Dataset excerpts
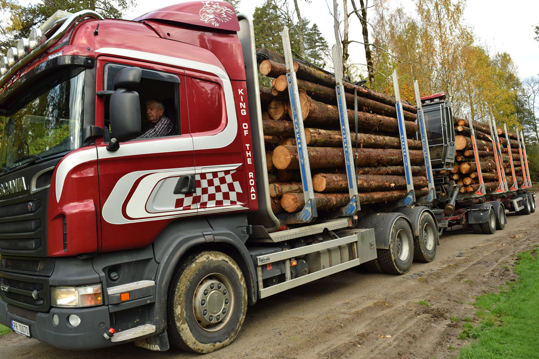 Den vinrøde Scania tømmerbilen, som han kjøpte brukt i 2012, er merket med «King of the road» på førerhuset.
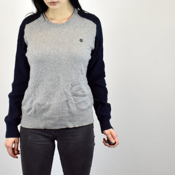 Vintage Timberland sweater pullover jumper in gray and black. Unisex. Same/Next day postage, instant buy is on! Great condition. Size S best fitting. Model is 165cm/5ft5. Please message with any questions 👌
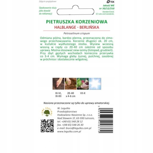 Każde opakowanie zawiera informację odnośnie zasad uprawy wraz z terminem przydatności nasion do siewu.
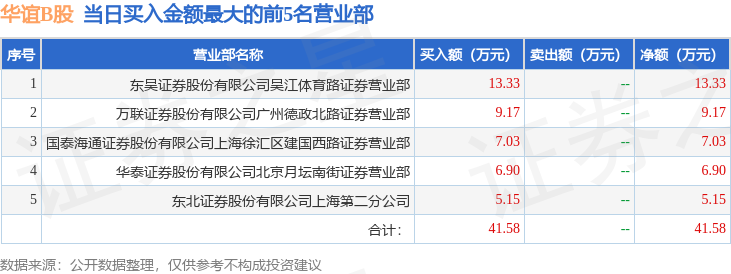 证券之星消息,沪深交易所2025年10月22日公布的交易公开信息显示,华谊B股(900909)因有价格涨跌幅限制的日收盘价格跌幅偏离值达到7%的前五只证券登上龙虎榜。此次是近5个交易日内第1次上榜。
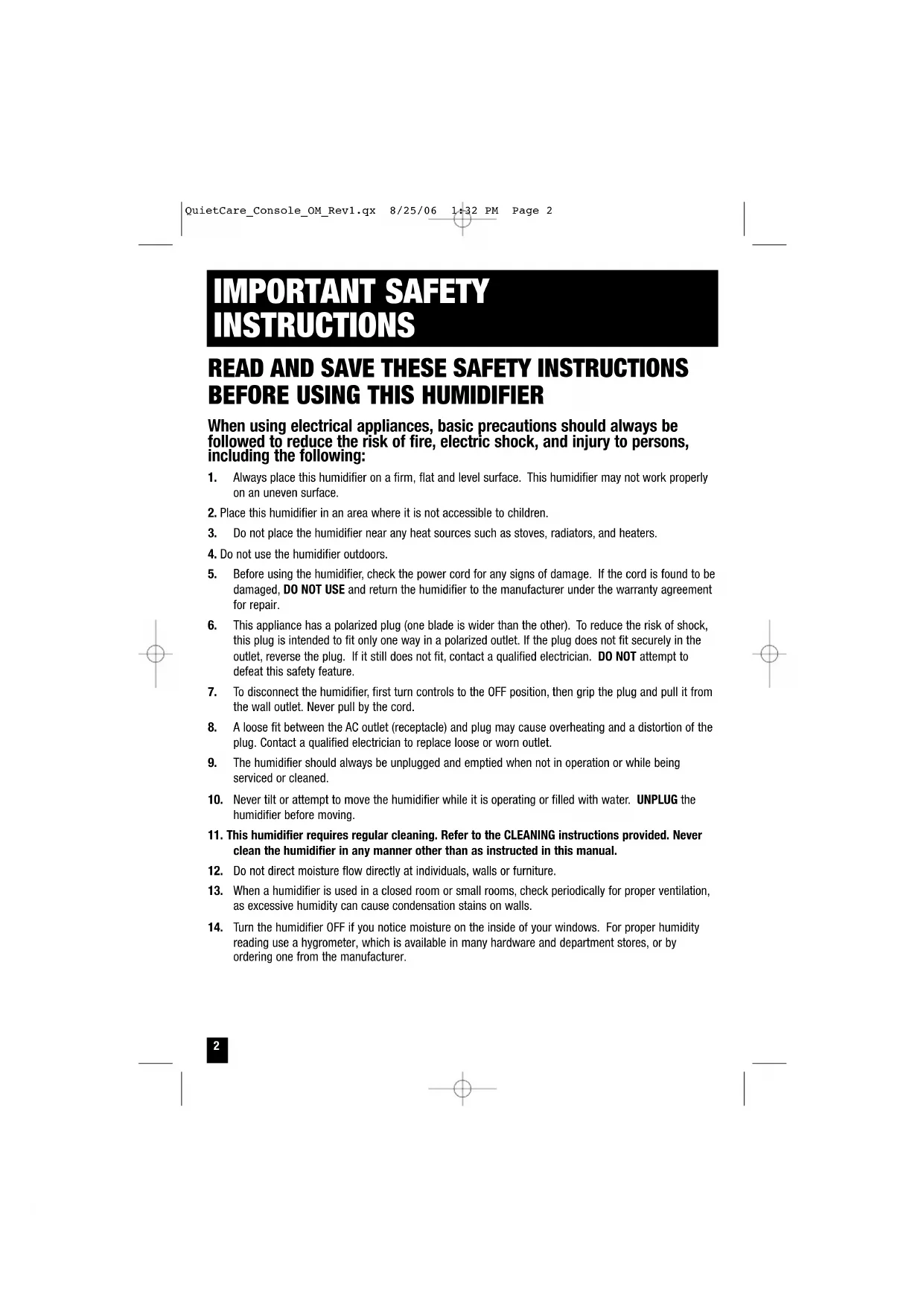 CONSOLE HUMIDIFIERS MODELS: HCM-6011i HCM-6012i HCM-6013i HCM-6011WW QuietCare_Console_OM_Rev1.qx 8/25/06 1:32 PM Page 12 When using electrical appliances, basic precautions should always be followed to reduce the risk of fire, electric shock, and injury to persons, including the following:
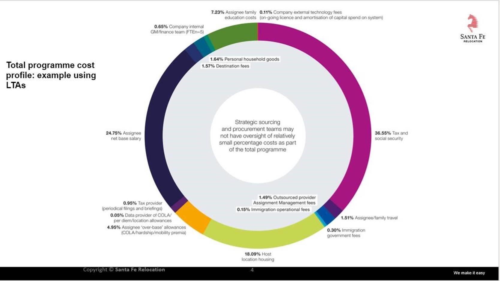 - Direct external costs such as suppliers as Santa Fe, any RMC such as SIRVA, CARTUS or BGRS, or specialists such as Dwellworks or Fragomen or any of the Big 4. That cost is easy to identify as it is external. However, it represents a fraction of the total pie. For example, if Santa Fe moving costs for a customer are €5m a year, say, they represent about 1.6% of the total program costs, which means that the global mobility program costs are about €312m. So, one (read procurement) can of course save 10% on the moving costs, but these are only €500k out of €300m, i.e. a very small saving out of a very big pie.
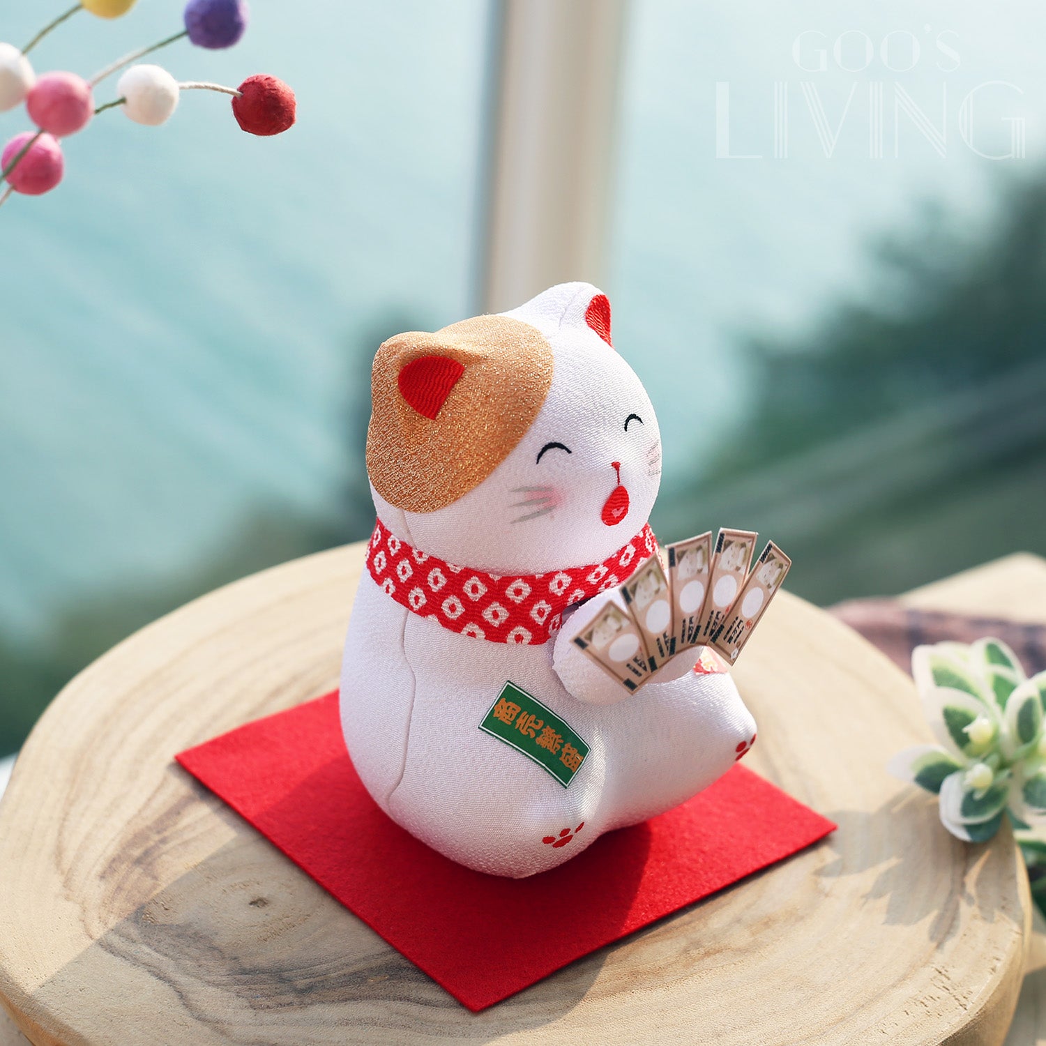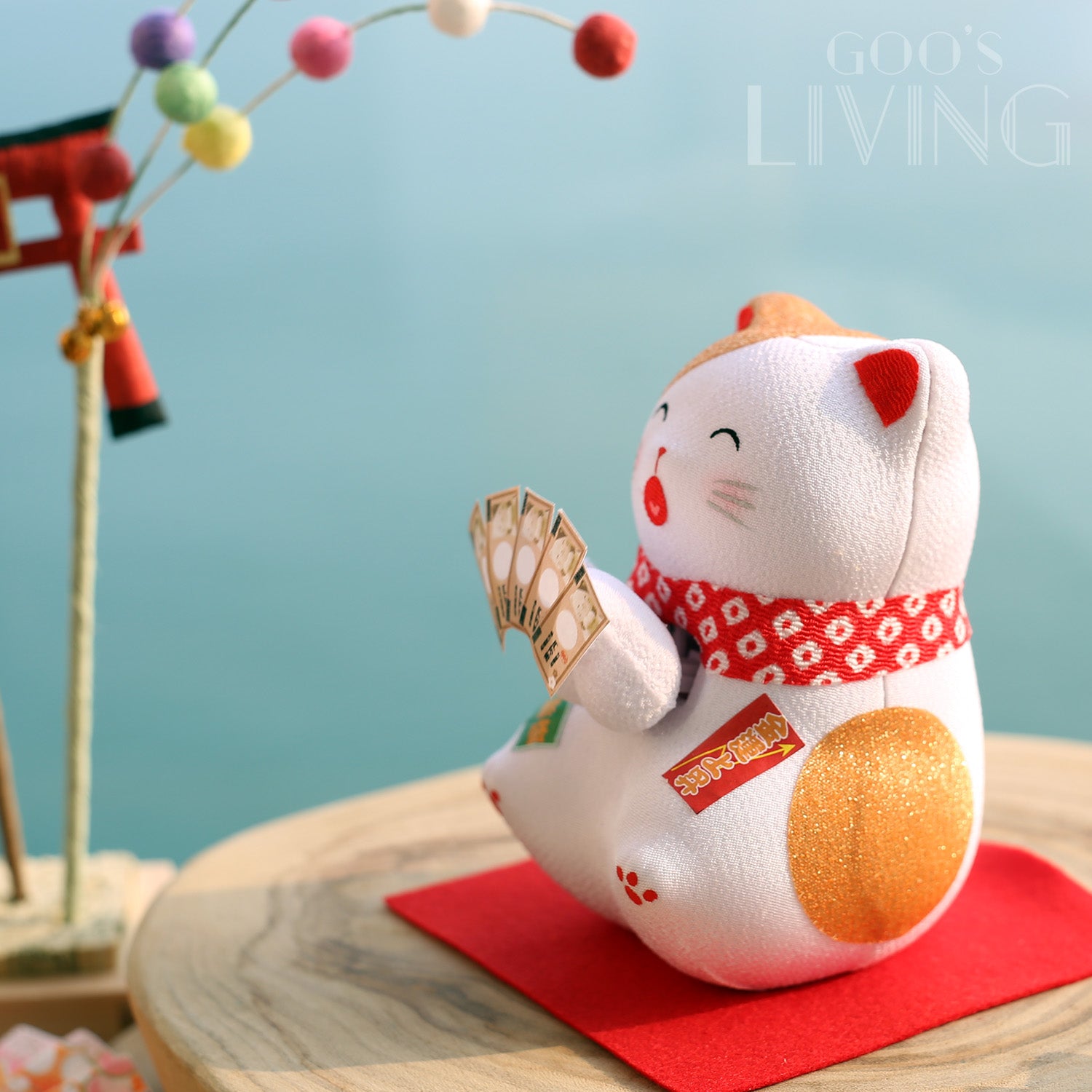 日本文化中的招財貓「右手招財、左手招人緣福氣」,這隻以太陽能為能源的招財貓就把雙手齊齊搖動,為大家招財又招福。而貓咪手上更拿著多張萬元大鈔,配以一臉開心歡呼的可愛表情,看著讓人心情開朗,好運自然來。
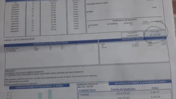 Um morador do bairro Santa Rita, em Cruz Alta, registrou uma ocorrência na Polícia Civil após receber uma conta de água no valor de R$ 22.788,42, referente ao m...
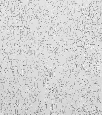 W teorii komunikacji pismo dzieli się na stronę produktywną i receptywną - na pisanie i czytanie jako dialogowo odnoszące się do siebie działania. Czytanie potrzebuje czasu i podąża za linearnoscią pisma. Podobnie obraz - najpierw malowany, dopiero później ogladany. Jednak podczas gdy w malarstwie tło i rysunek działają jako równouprawnieni antagoniści, w tekście pismo dominuje nad swoim tłem. Dzieje sie tak również dlatego, że dzieli je od tła kontrast koloru - zwykle czarnego na białym. W przypadku zaprezentowanych tutaj obrazów pismo jest jednak poprzez jednakową kolorystykę zlane ze swym tłem i sprawia wrażenie nieomal doskonałego kamuflażu, chociaż litery są wyciskane bezposrednio z tuby i, niczym relief, wznoszą się ponad powierzchnię płótna. Czytelność osiągają poprzez swoją przestrzenność, poprzez swój plastyczny charakter: Tak więc właściwie poprzez efekt, który zwykle musi być mozolnie osiągany za pomocą malarskiej iluzji. W ten sposób powstaje skryptura, która niczym widniejąca na papierze czerń drukarska liter w swoich wymiarach ulega spotęgowaniu; coś jak malarskie gesty pisma, których mieszana forma oscyluje pomiędzy ornamentalnymi liniami i zdefiniowanymi znakami. Tak powstaje splot linii, odstępów, znaków interpunkcyjnych i wersów, których regularność i kierunek wyobrażają pismo. Jego znaki przekazują informacje podkreślając równocześnie swój graficzny charakter, co z kolei utrudnia ich szybki odbiór - poprzez zamaskowanie znaków, farbę malarstwa. Obrazy te chcą być w pełni malarstwem, pozwolić oddziaływać zmysłowej farbie, formie i kompozycji. Ich malarskie gesty pozwalają stworzyć odniesienia choćby do modernistycznie wzniosłego malarstwa Roberta Rymana. Te pisane obrazy, chłodne i w swym teoretycznym podszyciu przepiękne, rozdzierają właściwą arenę pisma: widowisko sensu, możliwości rozumienia i czytelności. Intencjonalna i właściwie wewnętrzna czynność czytania, która sluży rozumieniu języka poprzez pisane znaki, zostaje zakłócona. Postrzeganie tekstu, wplecione we wzniosłe, zmysłowe oddziaływanie malarstwa, jest znacznie spowolnione. Tak długo, jak pismo zanika w kamuflażu koloru, obserwacja, uwolniona od swoich herrmeneutycznych założeń produkcji znaczeń, może otwierać się na jeszcze zupełnie inne, potencjalnie niekończące się procesy tworzenia sensu. Gdy tylko chłodne, wyobcowane pismo staje się czytelne, obserwator/czytelnik wprowadzony zostaje w hiperaktywną sytuację odbioru, w której kontemplacja musi ustąpić miejsca histerii. Paradoksalne obrazy-pisma Olgi Lewickiej nie są w stanie owej histerii zależności w sztuce pozbawić mocy, jednakże w jej zuchwałej refleksji, której towarzyszy spojrzenie Kippenbergera, zostaje owa histeria na moment przerwana i odroczona w czasie - i odroczona może się uspokoić. Możemy, wręcz powinniśmy dalej malować - i pisać.
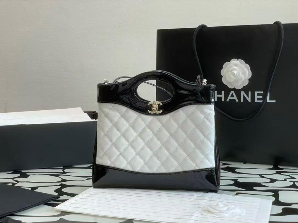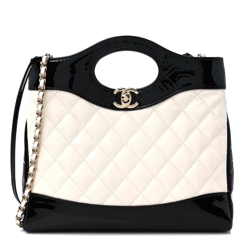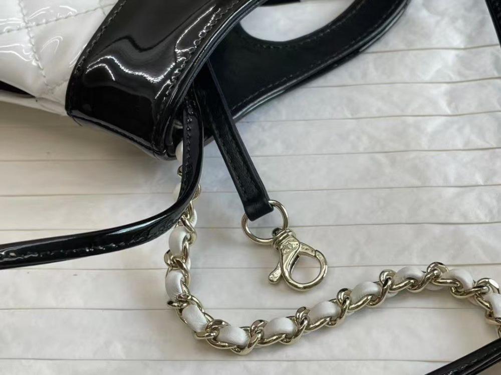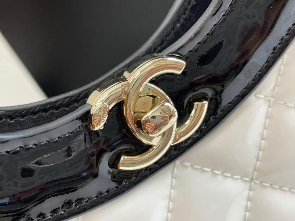 حقيبة تسوق شانيل ميني مبطنة من جلد لامع باللونين الأبيض والأسود
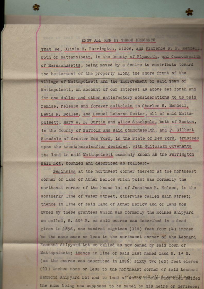 Quitclaim deed, into a trust, Purrington Hall Lot from Olivia H. Purrington and Florence F. P. Mendell. Charles S. Mendell, Lewis R. Bolles, Lemuel LeBaron Dexter, Mary W. B. Curtis, Alice Stackpole and F. Gilbert Hinsdale as trustees.Collection
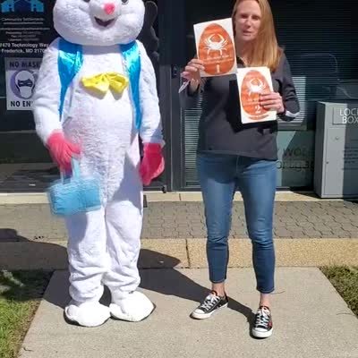A woman makes an announcement in front of a community building for an Easter event and the Easter Bunny's ear falls off the costume.
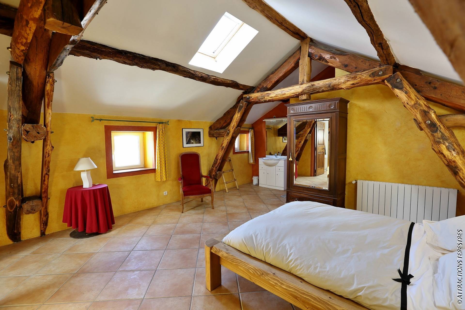 Implanté au milieu de 3 hectares de prairies, le bâtiment de caractère, orienté plein sud, est un corps de ferme entièrement rénové, modulable en deux configurations de gîtes d’une capacité de 8 à 10 personnes allant jusqu'à 12/15 personnes.

PROMPT >>
Transcribe only this stretch of the data: the line with "日本文化中的招財貓「右手招財", the line with "Um morador do", and every line in between. Leave out the pictures.

TASK SOLUTION >>
 日本文化中的招財貓「右手招財、左手招人緣福氣」,這隻以太陽能為能源的招財貓就把雙手齊齊搖動,為大家招財又招福。而貓咪手上更拿著多張萬元大鈔,配以一臉開心歡呼的可愛表情,看著讓人心情開朗,好運自然來。
 Um morador do bairro Santa Rita, em Cruz Alta, registrou uma ocorrência na Polícia Civil após receber uma conta de água no valor de R$ 22.788,42, referente ao m...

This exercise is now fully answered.